[Opening DATA SUPPLIED section]

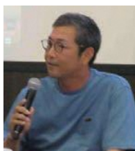
要望を語る農業者
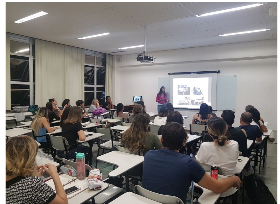
Apresentação final Projeto: Ambiente Educativo no Contexto Escolar da Educação Infantil (2017).
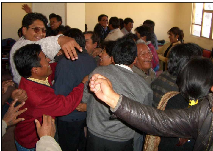
Grupo de asistentes del curso de sexualidad en Potosí
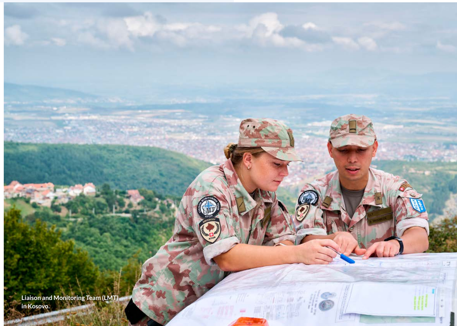
Liaison and Monitoring Team (LMT) in Kosovo.
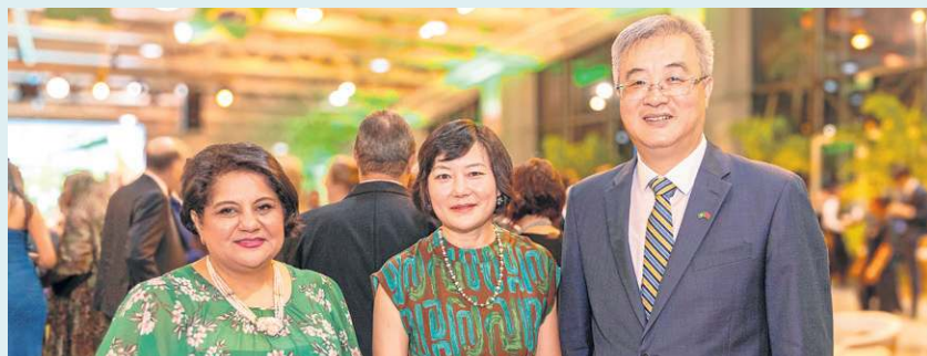
A embaixadora do Egito, Mai Khalil, a embaixatriz da China, Zhou Yongmei, e o embaixador da China, Zhu Qingqiao
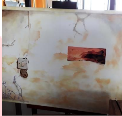
Gambar 3. 4 Progres karya 1.

Gambar diatas merupakan ujicoba atau prototype pengaplikasian terhadap media lukis untuk menentukan teknik yang tepat yang nanti akan di pindah ke media sesungguhnya. Berikut merupakan proses pengerjaan dari kanvas 1.
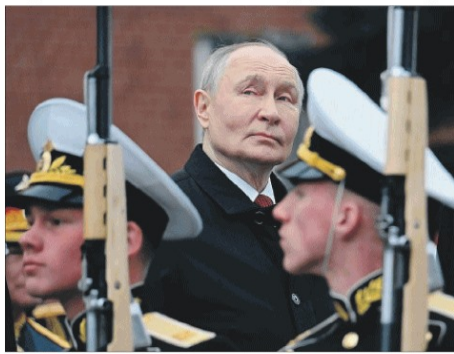
Il presidente russo Vladimir Putin sabato alla parata del Giorno della vittoria

Le paure del Cremlino, il disimpegno di Trump, le parole di Zelensky spiegano le prime caute aperture
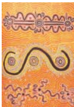
Mona Poulson et Douglas Marshall, Le rêve de l'opossum (acrylique sur toile), cartographie mythique des sites fondés au Temps du Rêve par les Grands Ancêtres Opossums.
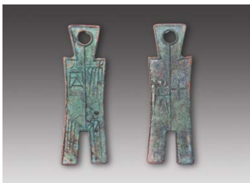
楚“殊布当釿”（背十货） 高：9.3厘米 重：36.38克 估价：20,000元（RMB）
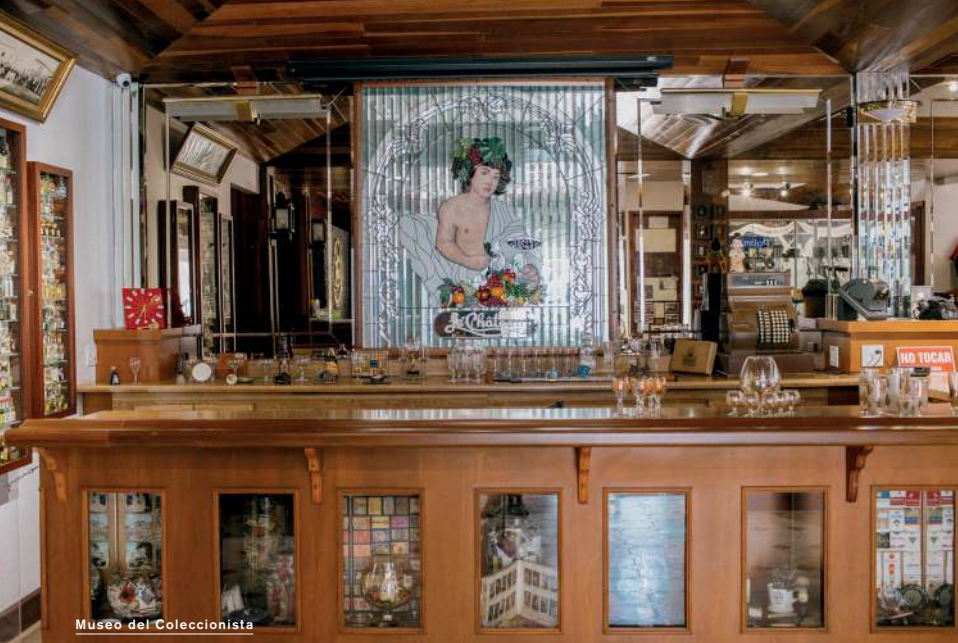
Museo del Coleccionista

Edición Judith Campiña . Textos Camilo Rodríguez . Diseño y mapa Ana Cecilia Vázquez . Fotografía Diego Berruecos . Traducción A Family Company . Corrección de estilo Diana Solano . Cotejo de información Isabel Gómez Aguado . Retoque digital Armando Ortega .
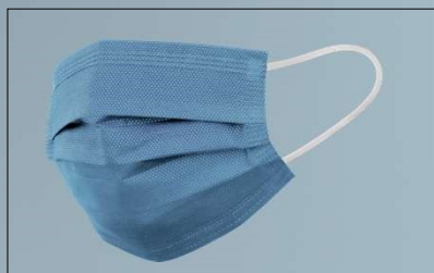
Mascarilla Quirúrgica | Item No 5855xxx
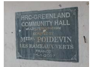
Plaque commémorative rappelant le financement d'origine par un legs d'une donatrice des Rameaux Verts
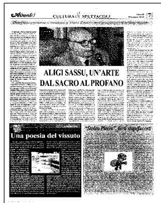
figure di passaggio: "sono io, sei tu, su quello scooter, / in attesa che lei almeno una volta ci degni". Fantasmi di un'epoca di solitudini incrociate, la pietà per una foto sulla strada nel luogo dell'incidente. Ma la vita è anche la difesa degli affetti più intimi, i luoghi, le stanze della casa, i timori, ciò che ogni giorno ci appartiene nella consapevolezza di un bene: "ma che gioia, che respiro di sollievo, / la luce, rivedervi tutti".

Il discorso prosegue nelle altre due sezioni del libro: "In marcia" e "Guardia alta". Anche qui è un mondo straniato, quelli che ci stanno ancora una volta intorno nelle nostre giornate, a diventare protagonista. La strada e le sue insidie, le sorprese, le meraviglie di occhiate appena percepite: semplici
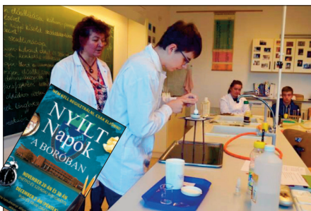
Kémiai kísérlet a bemutató órán

Októberben jelent meg a HVG külön-száma a középiskolák rangsoráról . Ebben iskolánk a szakgimnáziumi (korábban szakközépiskola) kategóriában ISMÉT első lett , az elmúlt öt évben immáron harmadszor. A kiadvány összeállítói a nyilvánosan is elérhető, OH adatokat használták fel: kompetenciamérés eredményei, középszintű érettségi átlagai a kötelező tantárgyakból (magyar nyelv és irodalom, történelem, idegen nyelv és matematika), végzősök nyelvvizsga- és továbbtanulási aránya. A szempontrendszeren mindig lehet vitatkozni, de miért mi tennénk, ha elsők lettünk a saját kategóriánkban. Hát, talán azért, mert készült egy minden iskolát tartalmazó lista is, ahol „csak” a 84. helyre lettünk rangsorolva a több, mint 900 magyarországi középiskola közül. A gimnáziumok számára jelentős előnyt biztosított a szempontrendszer, hiszen például a négy kötelező érettségi tantárgyból három humán, amelyek nem feltétlenül erősségei a fiú többségű és műszaki beállítottságú iskoláknak. A vizsgált szempon-
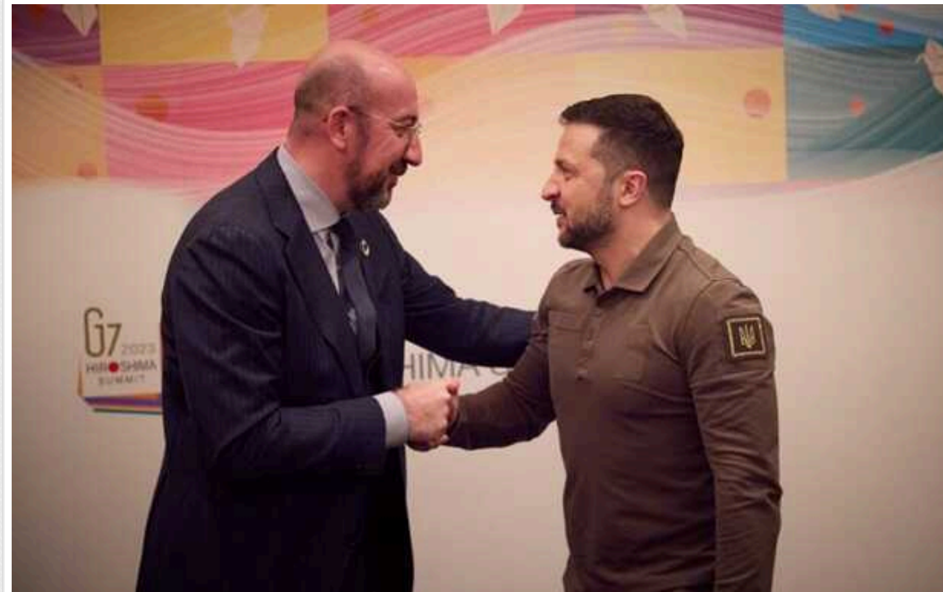
Зеленський та голова Євроради обговорили підготовку до Саміту миру у Швейцарії

Президент Європейської ради Шарль Мішель у вівторок провів телефонну розмову із президентом Володимиром Зеленським, під час якої вони обговорили останні події в Україні та підготовку до Глобального саміту миру.
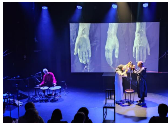
Scény z premiéry inscenace Šept v červnu 2023.
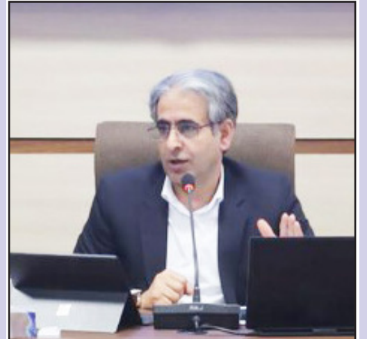
طرح نو، گروه خبر

معاون سیاسی اجتماعی استاندار آذربایجان شرقی با بیان اینکه به فرمانداری‌ها مأموریت دادیم، خانواده‌های بی‌بضاعت را شناسایی و پشتیبانی کنند گفت: حمایت از دهک‌های پایین در دستور کار استانداری قرار دارد.
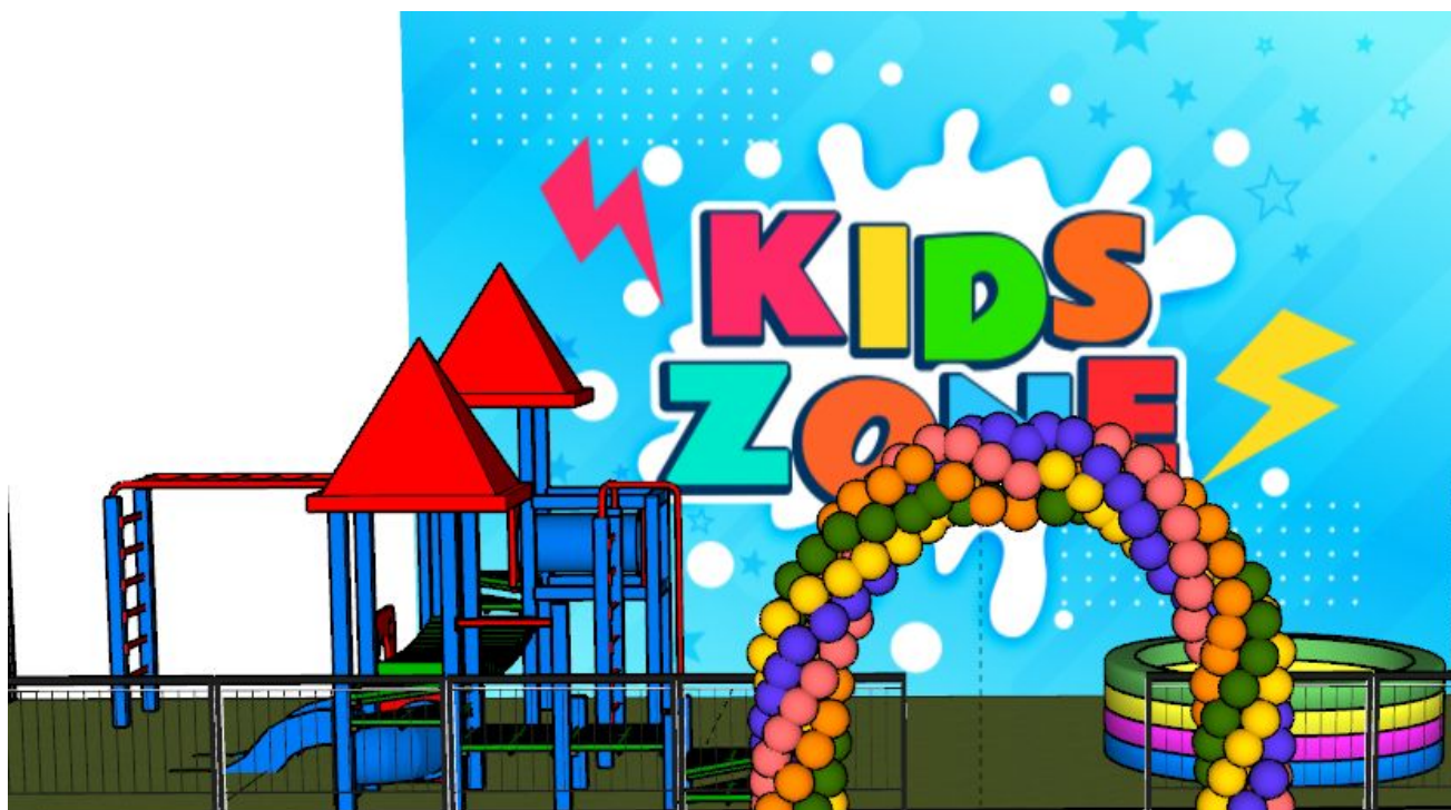
Imagem referência acima

Fica a cargo da produtora organizar e implantar o espaço destinado para as crianças contendo um Playground e brinquedos infláveis (mediante aprovação da Secretaria de Turismo) em excelente estado e 02 (dois) recreacionistas. No espaço interno não será permitida a venda ou comercialização de alimentos ou bebidas.
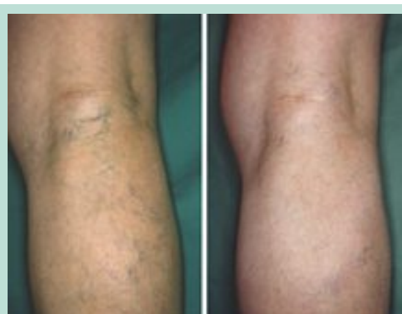
FIGURE 10 : Persistance de varices poplitées après stripping petite saphène. À droite, résultat à 5 ans après 2 phlébectomies complémentaires.

Il faut insister sur le fait que dans ces localisations on sera souvent amené à effectuer des séances itératives pour obtenir une éradication complète.
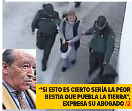
"SI ESTO ES CIERTO SERÍA LA PEOR BESTIA QUE PUEBLA LA TIERRA", EXPRESA SU ABOGADO /2

"EL REY DEL CACHOPO" SE NIEGA A DECLARAR POR EL CRIMEN DE PAREJA HONDUREÑA
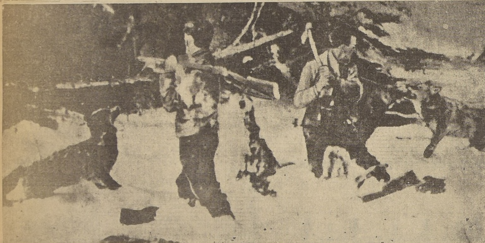
Estos cazadores fueron atacados por una banda de lobos hambrientos cerca de Sudbury, en el Canadá. Terminadas sus municiones, tuvieron que defenderse con las armas como si fueran mazas. La fotografía fue tomada por un tercer miembro de la partida, que en seguida disparó sobre las bestias, malando a tres de ellas y haciendo huir al resto de la manada.
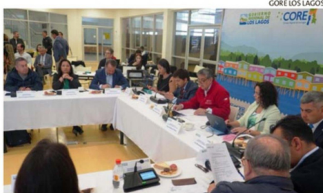
LA APROBACIÓN FUE EN EL ÚLTIMO PLENARIO DEL CORE, EN PALENA.

El gobernador regional, Alejandro Santana (RN), recaló que el programa "apunta a mejorar la productividad, incorporar economía circular y generar mayor valor agregado, apoyando directamente a trabajadores, pymes y empresas del sector. Aquí estamos
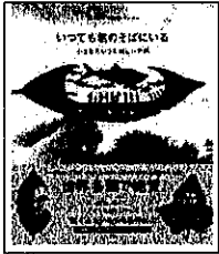
「いつでも君のそば にいる」リト@葉っぱ 切り絵 講談社

◇何とも優しく、物語や表情が あって素敵なお話。切りの切りの世 界です。 神奈川県・女性
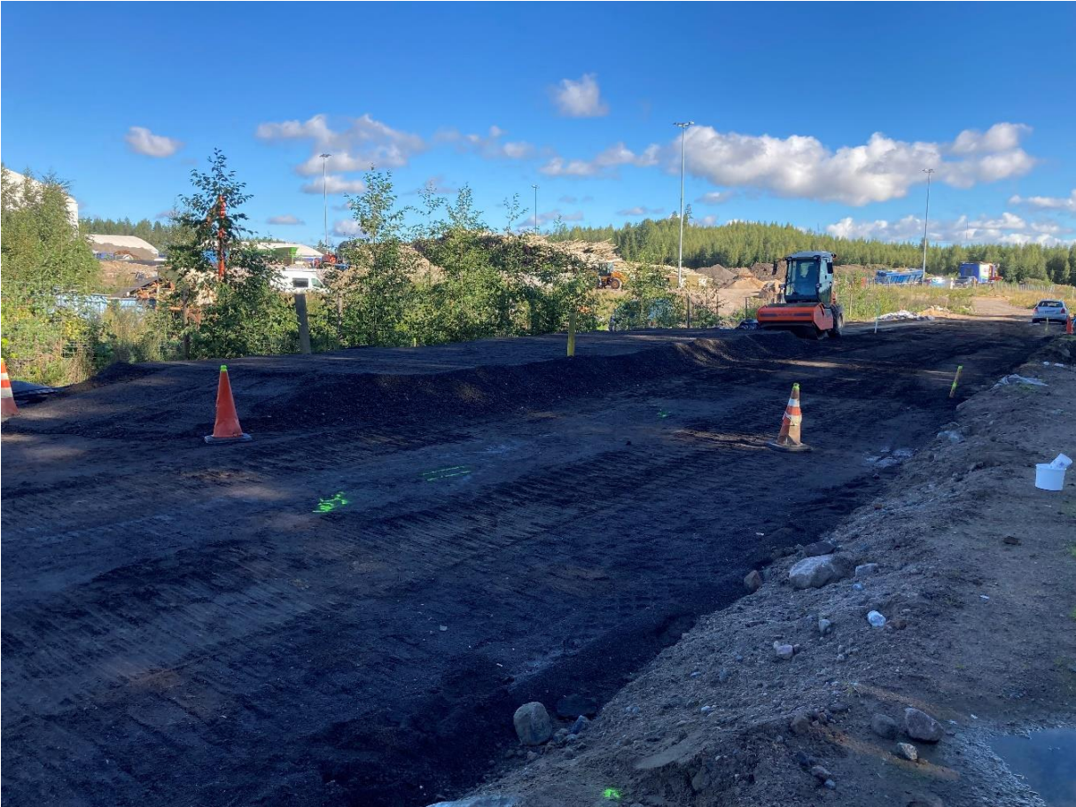
Kuulojantien rakentaminen (Kuva: Marjo Koivulahti).
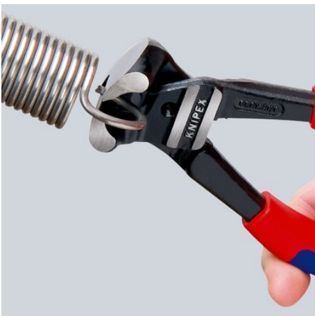
Hohe Schneidleistung: auch für Pianodraht

Technische Änderungen und Irrtümer vorbehalten
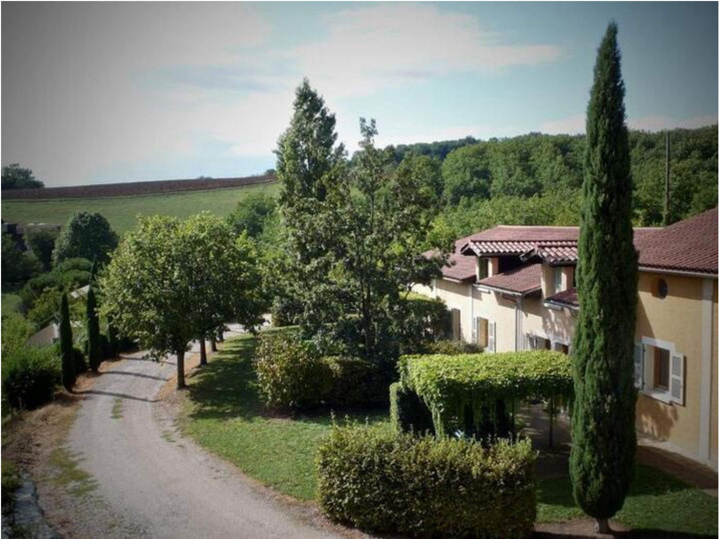
Le Paradis - Gite Vert 38680 Pont-en-Royans

Maison sur les hauteurs du village, comportant 3 gites mitoyens. Superbe vue sur contreforts du Vercors. Gite 3 : séj.-cuisine (l-vaiss., m-ondes, TV) ouvrant sur terrasse avec pergola (sud), s.d'eau, wc, Ch.1(1 lit 2 pers). A l'étage : Ch.2 (1 lit 2 pers.), Ch.3 (2 lits 1 pers.), wc. Terrain, s. de jardin, barbecue. Buanderie en commun : l-linge, équipement repassage. Garage. Tél.portable à disp. Forfait ménage à la demande. A voir : Musée de l'eau, Grottes de Choranche, Gorges de la Bourne. Label Accueil Parc Naturel Régional du Vercors. Borne privative gratuite de recharge pour véhicules électriques sur place (recharge lente 9-10h).

[Closing DATA SUPPLIED section]

▸ WHAT TO PRODUCE:
Reproduce exactly the entries from their first line through the line containing "Mona Poulson et", including both, and omit any pictures.

▸ TASK RESPONSE:
要望を語る農業者
Apresentação final Projeto: Ambiente Educativo no Contexto Escolar da Educação Infantil (2017).
Grupo de asistentes del curso de sexualidad en Potosí
Liaison and Monitoring Team (LMT) in Kosovo.
A embaixadora do Egito, Mai Khalil, a embaixatriz da China, Zhou Yongmei, e o embaixador da China, Zhu Qingqiao
Gambar 3. 4 Progres karya 1.

Gambar diatas merupakan ujicoba atau prototype pengaplikasian terhadap media lukis untuk menentukan teknik yang tepat yang nanti akan di pindah ke media sesungguhnya. Berikut merupakan proses pengerjaan dari kanvas 1.
Il presidente russo Vladimir Putin sabato alla parata del Giorno della vittoria

Le paure del Cremlino, il disimpegno di Trump, le parole di Zelensky spiegano le prime caute aperture
Mona Poulson et Douglas Marshall, Le rêve de l'opossum (acrylique sur toile), cartographie mythique des sites fondés au Temps du Rêve par les Grands Ancêtres Opossums.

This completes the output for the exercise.